An 8.0 g bullet is fired horizontally into a 9 kg block of wood and sticks in it.The block,which is free to move,has a velocity of 40cm/s after impact.Find the initial velocity of a bullet.
2006-10-09 23:35:31 · 15 answers · asked by gen 2 in Science & Mathematics ➔ Physics
450 metres/second
2006-10-09 23:40:29 · answer #1 · answered by jquittenton2 3 · 0⤊ 0⤋
With the Principle of Conservation of Momentum, the equation will be, m1v1 + m2v2 = MV. Here we assume
m1 = mass of bullet = 8g
v1 = inivitial velocity of bullet
m2 = mass of wooden block = 9 kg = 9000gms
v2 = initial velocity of wooden block = 0 cm/s
M = Mass of wooden block + bullet = 9008 gms
V = Final velocity of the combined mass = 40cms/s
Hence 8*v1 + 0 = 9008*40
Therefore v1 = (9008*40)/8 = 45,040cm/s i.e.450.4 Meters/sec
So initial velocity of horizontally fired bullet = 450.4 m/s
2006-10-10 06:48:51 · answer #2 · answered by Manindomb 2 · 0⤊ 0⤋
can not be answered, some energy is used to make a tunnel in the wood for the bullet.
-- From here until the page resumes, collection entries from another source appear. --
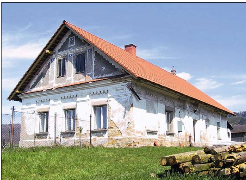
Obr. 11: Křivice, čp. 36, obytné stavení od jihovýchodu.

Hlavní obytná stavba vznikla po roce 1869, její mladší původ prozrazuje použití obloučkového vlysu na konzolkách. Brána podle použitého tvarosloví může být o něco starší. Zřejmě v roce 1920 došlo k úpravě oken a někdy ve 3. čtvrtině 20. století k jejich výměně. Další stavební zásahy proběhly po roce 2010.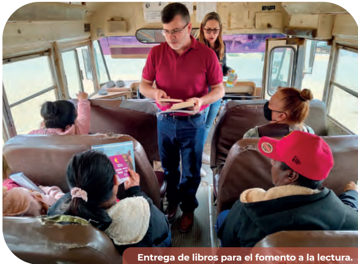
Entrega de libros para el fomento a la lectura.

y bibliotecarios del Estado, para la mejora y amplitud de los servicios en el Estado.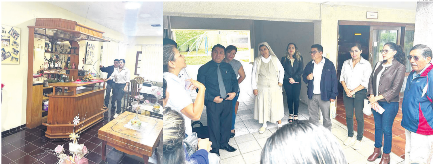
Fiscales concluyen la inspección en uno de los bienes de Techo e Paja donde funciona un hogar de niñas administrado por monjas italianas

Entre los bienes fiscalizados figura la mansión donde en los años 1991 vivía Jorge Roca Suárez, en la avenida Banzer y cuarto anillo. Ahora, en este inmueble, funciona un hogar de niñas huérfanas. Hay personas acusadas como 'palos blancos'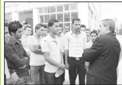
• رئيس الجامعة خلال الجولة

• شدد رئيس جامعة آل البيت الدكتور نبيل شوافه على أهمية تقديم أفضل الخدمات للطلبة وتمس احتياجاتهم وتبنيها ضمن الإمكانيات المتاحة.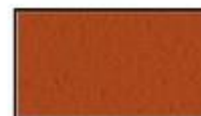
F14- Rouge terre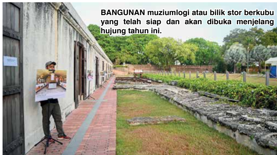
BANGUNAN muziumlogi atau bilik stor berkubu yang telah siap dan akan dibuka menjelang hujung tahun ini.

dan konservasi di sekitar kubu berparit tersebut, sementara RM10 juta lagi akan dibelanjakan bagi menyiapkan projek berkaitan.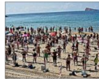
Playa de Benidorm.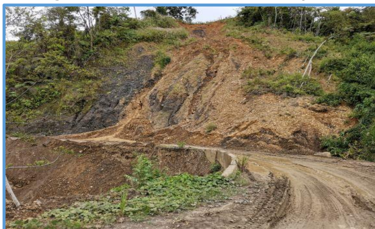
Fotografía N° 05: Cantera de afirmado Prog. 05+400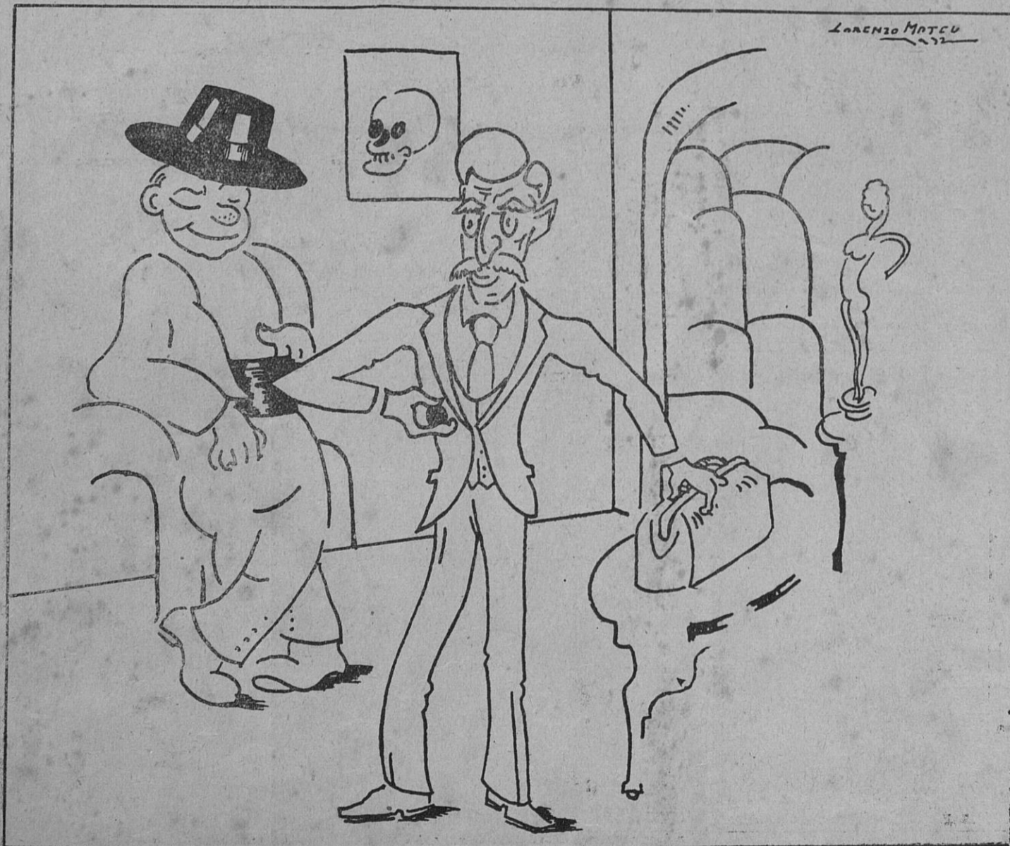
EN LA CONSULTA - por L. Mateu

En cuanto a la presentación de nuestro periódico, no cabe duda que es modesta como modestos son también nuestros me-

The question should be that after collision the bullet stops and the block moves at 40cm/s
2006-10-10 07:54:38 · answer #3 · answered by gjmb1960 7 · 0⤊ 1⤋
Holden is close but is an order of magnitude out.
The final mass is 9.008 kg, the final velocity 0.4 m/s which gives:
9.008 x 0.4 = 3.6032 kg m /s of momentum
Assuming a completely elastic process, i.e. no energy lost in the collision, all of this momentum will be conserved. Thus to get the initial velocity you divide by the initial mass (0.008 kg)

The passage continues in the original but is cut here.